Потом, по прошествии времени, Шанель и сама не могла бы сказать, почему пригласила Глори поужинать вместе.

Когда остальные ушли, они закурили в обшарпанном холле университетского клуба, и Шанель вдруг почувствовала себя польщенной тем откровенным восхищением, с которым рассматривала ее Глори. Тут-то, повинуясь нечастому для себя движению души, она и пригласила ее, немедленно пожалев об этом, как-нибудь на днях поужинать. Глори с ходу согласилась и заставила Шанель назначить дату.

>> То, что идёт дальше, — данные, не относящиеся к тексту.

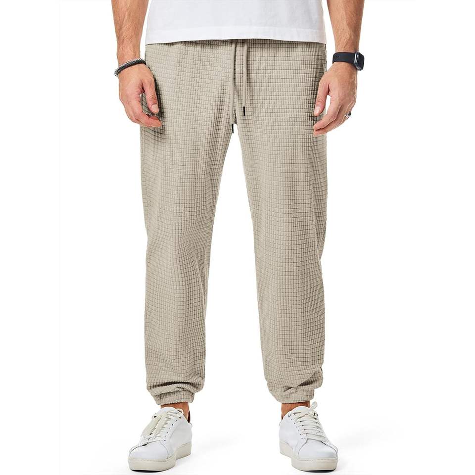Jmierr กางเกงลำลองสำหรับผู้ชายกางเกงแบบผูกเชือกเนื้อผ้าวาฟเฟิลผ้าฝ้าย100% จ็อกเกอร์พร้อมซิปยืดเอวยางยืดตกแต่ง6XL ขนาด
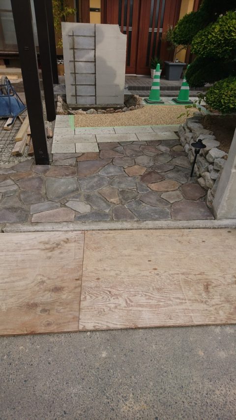 今回のH邸は和風住宅と庭園があるお宅ですが、やはり玄関に近いところに二台の駐車場を確保したいとのことから弊社にご依頼をいただきましたが、近隣に当社で施工したお宅が二軒ありますので、毎日のワンちゃんの散歩の際にうちのお客様に聞いての当社へのご依頼となりました。

Пойманная на слове, Шанель выбрала местом встречи чайную «Майский цветок» и нарочно пришла немного пораньше – хотела посмотреть, как будет выглядеть Глори, входя в зал.

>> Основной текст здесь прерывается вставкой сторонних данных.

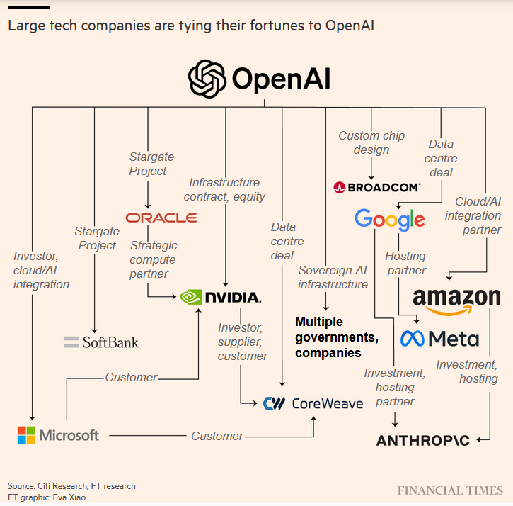 It creates a loop of investment among a small group AI companies. OpenAI signed a $300 Billion deal, as an example. with Oracle.

В эту чайную, затерявшуюся где-то в самом конце Мейден-лейн, приходили женщины, главным образом пожилые или даже просто старые. Единственный мужчина, который сегодня здесь был и которого, судя по всему, приволокли силком, чувствовал себя явно не в своей тарелке и выглядел, словно его застали за тем, как он подсматривает в окно за старой девой. Кормили здесь всяческими сандвичами, салатами, вкусными сладостями, а гордостью заведения считался английский чай, который, как и положено, подавали в горячих чайниках. Царствовали здесь официантки с подкрашенными в голубой цвет волосами, которых можно было принять за членов какого-нибудь дамского клуба колониальных времен.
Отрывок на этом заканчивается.